Ухватился Второй за подсумки своей соловки, и пальцы ожгло — глянуло на него лицо медное, маска.

Вздел Выпь ту маску и вмиг переменилось все. Прострелил взором округ, поймал своего скакуна, оказался в седле и новыми глазами видел, как отходят Хангары, пятятся, как сжимается, истаивает Голова.

И как стоит на всхолмье, издалека смотрит на них он.

Тамам Шуд, понял.

Манучер, прозвучало в ответ.

Увидели друг друга.

Выпь вскинул над головой дикту, приветствуя и предупреждая. Маска не стесняла обзор, не труднила дыхание. Лежала на лице естественно, как отблеск живого огня. И, мнилось Выпь, захоти он — огнем бы обратилась.

***

Отошли Хангары; истаяла Голова, разошлась на еле видимые лоскутья. Зацепятся где-нибудь, а после сядут себе на чью-то маковку, наново прорастут.

Но ворота стояли крепко сомкнутыми; лагерь затопила тишина. Недоброе там творилось.

Выпь знал это; знала маска. Не снимая, спешился, подошел к вратам и ударил в створ раскрытой ладонью. По костяному дресву прошел гул-гуд, стоном отозвался. Не по своей воле закрылся от них лагерь, понял Выпь.

Раньше пел он песню-замок, а теперь — ключ.

Родилась в костях, огнем пробежала по жилам, хлынула горлом, как кровь. Маска же будто способствовала; пелось легче, сильнее. И слов не было, а ворота дрогнули, отворились. Не посмели ослушаться.

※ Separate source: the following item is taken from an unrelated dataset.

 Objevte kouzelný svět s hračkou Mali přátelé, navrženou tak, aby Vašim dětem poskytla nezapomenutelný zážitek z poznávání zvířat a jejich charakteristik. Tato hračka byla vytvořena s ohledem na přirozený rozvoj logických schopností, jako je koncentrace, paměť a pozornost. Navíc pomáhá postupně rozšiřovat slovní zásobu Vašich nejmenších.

Безлюдно за ними было. И ровно перемешано — все не на своих местах.

Вступили осторожно, боевым порядком. Увидали — кости, из земли выпирающие, в мясных лохмотьях. Будто что наскоро объело, прежде чем сдернули. Тишина стояла, только прореживал ее колокольчик.

Выпь оглядывался, не узнавая лагерь. Сила неведомая перемешала стройные ряды палаток, будто насмехаясь, настроила из них башен; узлом закрутила помосты, воедино слепила оружие. Маска молчала, подсказок не давала. Выпь потянулся, стараясь почувствовать Юга — он всегда его чувствовал, срединной линией. Но что-то мешало, соринкой в глазу.

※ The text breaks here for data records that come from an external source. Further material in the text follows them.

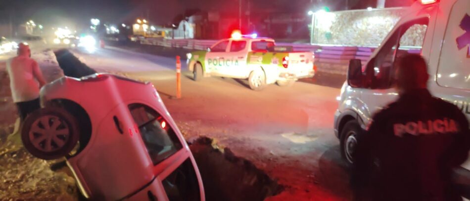 Al recibirse el reporte, los agentes se trasladaron al lugar indicado, a la altura de la colonia Primero de Mayo, en donde se lleva a cabo la construcción de un puente vehicular. El área del incidente cuenta con señalética correcta y advertencia de una zanja, sin embargo de acuerdo a los peritajes correspondientes, una maniobra incorrecta del automovilista causó el hecho.
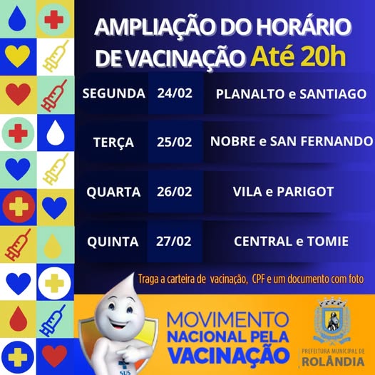 VACINAÇÃO COM HORÁRIO AMPLIADO!   A secretaria de Saúde informa que Rolândia participa do “Movimento Nacional pela Vacinação”. A ação tem foco prioritário na re...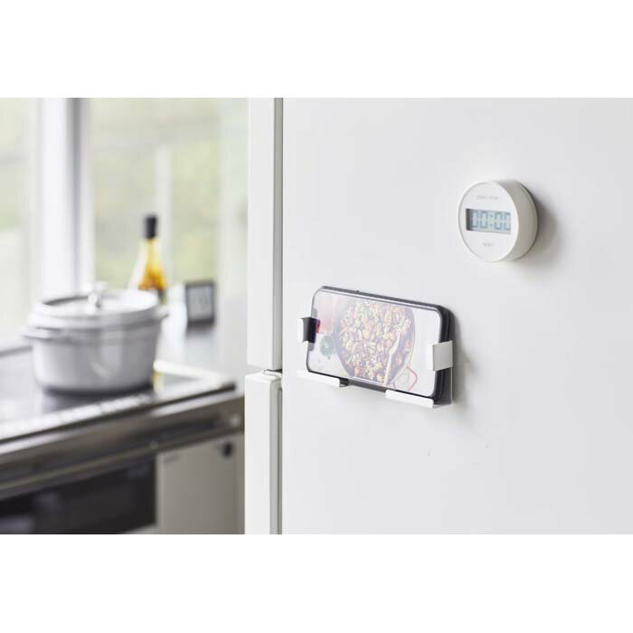 マグネットタブレットホルダー プレート ホワイト 山崎実業 YAMAZAKI シンプル おしゃれ かわいい 便利 キッチン 台所 ランドリー 洗面 タブレット PC スマホ スマートフォン ながら 磁石 スタンド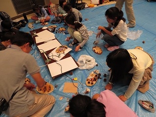 作り方の説明の後、班に分かれ、名札を製作し自己紹介してから始めました。材料は知多自然観察会の会員が集めた多種の材料を使い、それぞれ思い思いの傑作が沢山できました。最後に、満足顔で記念写真を撮りました。

Досадуя, сдвинул маску на затылок. Потускнело все, зато Третьего он почти сразу же услышал — как за ребро потянули.

С глухим рычанием прыгнул пес, сминая показавшуюся из-под груды палаток тварь. Взвизгнул, брызнул кровью; глухо вскрикнул его хозяин.

— Назад! — крикнул Рин, когда подорвались на выручку другие.

Неведомое показалось целиком, ощерилось. Изогнулось, садясь на задние ноги, громоздясь над группой людей. Составляли его — стало видно под прозрачной, как мутное стекло, эластичной кожей — тела да тленные вещи. Все, что долго под землей да водой хоронилось. Вылезло вдруг, выпросталось.

Выпь диктой удержал Рина.

— Это черемица, — сказал негромко, не сводя глаз со жвал, — тварь собой опасная. Обычно на землю к живым не ходит, падалью побирается. На бранных полях заводится. Эту кто сюда зазвал, не ведаю.

— Справиться как? — Рин дал знак своим рассыпаться, окружить тварь.

Выпь примерялся к памяти. С черемицей не думал столкнуться, тем более с такой вот зрелой особью.

— Огнем закидать можно спробовать, огненным вервием опоясать, — ответил. — На части дробить нельзя, только целиком.

Черемица же, словно подслушав такие речи, качнулась, рушась на воинов. Отскочили, убереглись. Псы зашлись лаем, но без команды не кидались — на броню себе черемица выпустила щепу да ржавое железо, проступало то из кожи, ровно щетина.

— Веревками взять! — крикнул Рин. — Огонь запалить!

— Я отвлеку, — кивнул ему Выпь, — вы вяжите. К земле приколотите.

Спешился, сунулся под самый нос твари, крутанул дикту. Прянула черемица, не дотянулась, только вонью трупяной обдала. Выпь отступил, увлекая за собой. Люди Рина, спорые и дружные, перекидывали друг дружке через тушу промасленные веревки. Быстро смекнули.

Оставалось дело за малым — огонь высечь.

Черемица вдруг повернула голову. Выпь проследил ее взгляд и похолодел. Не успел позвать, запеть; тварь ринулась, как на добычу. Огонь от резкого движения сам вспыхнул.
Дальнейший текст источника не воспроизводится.